Coropuna mountains (6,425 meters -20,922 ft) is one of the few glaciers and also volcanoes together. This majestic mountain is situated on the high plain between Cotahuasi and Chuquibamba, in the department of Arequipa.

There have been no recent eruptions at the volcano, and the summit craters are heavily ice covered, indicating a lack of thermal activity. The mountain is covered by a thick ice cap, the second largest in the tropics, that has existed since at least the Pliocene and has undergone a few important phases of expansion and reduction. As of 2016, the ice cap is in retreat. The scientists estimate that it will disappear by 2045.

The mountain was considered sacred by the Inca (the Inca Empire, which was centered in what is now Peru, Ecuador, Bolivia, and southern Colombia and lasted from 1438 to 1533 AD), and a number of archaeological sites have been discovered there. An Inca path leading up the mountain has been found, with pottery and bones fragments up to 6,200 meters (20,300 ft). Moreover, the Inca built the highest irrigation system (5,600 meters altitude) in the world on Coropuna mountains.

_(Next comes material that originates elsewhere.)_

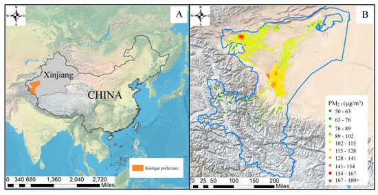 Map of China showing study location (A) and PM2.5 concentrations (B).
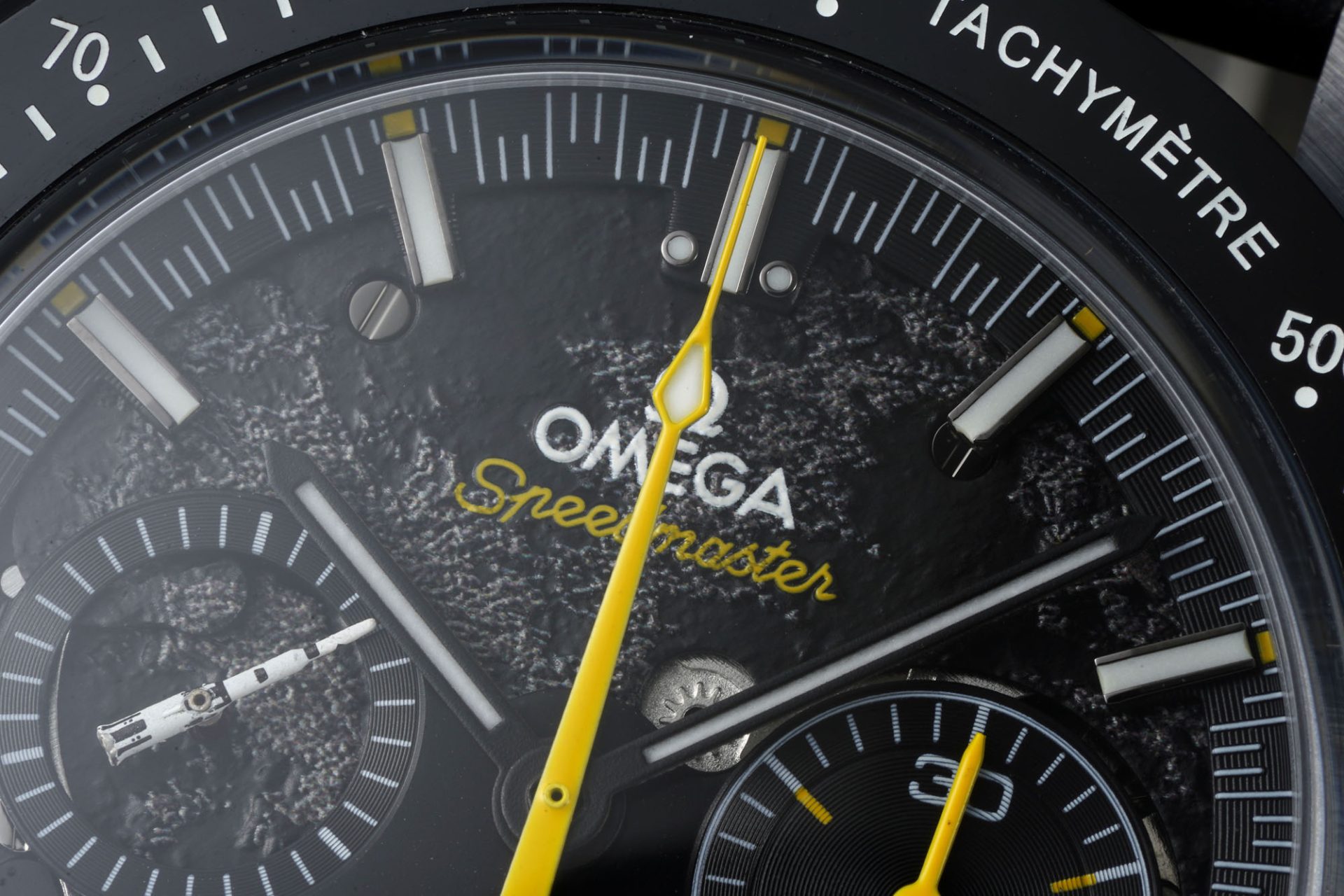 The Omega Dark Side of the Moon, measuring 44.25 mm in diameter, sports a blackened movement, showcasing the lunar surface through advanced laser ablation technology. This nod to the Apollo 8 mission reflects Omega’s commitment to heritage while advancing technological boundaries. The use of black ceramic, adorned with contrasting yellow highlights and white enamel tachymeter scale, situates the watch in the luxury segment. This raises questions about pricing strategy in the ceramic watch market, considering the high production costs versus the value perceived by consumers.

Coropuna mountain climbing tips

The first person (from what we know) who climbed this mountain was Hiram Bingham (an American academic, politician and explorer) in 1911. Climbing this mountain is not technically difficult but the biggest problems are penitentes that get increasing larger during the dry season.

Nevado Coropuna highest mountain in peru

Image credit – www.thousandwonders.net

It is normally climbed from the city of Arequipa by way of the wee village of Chuquibamba. If you start at the high base camp, the mountain can easily be climbed in two days if you are in good shape and are acclimated to the altitude.

Before you go climbing Coropuna, it is recommended to practice some trekking around. In this area, there are many lower mountains, from 12,000 to 17,000 feet, enough trails to keep you busy for many weeks, and plenty of natural attractions such as hot springs, lakes, waterfalls, rock and cactus forests, as well as traditional villages surrounded by terraced fields. All these trails help climbers cope with the acclimatization process.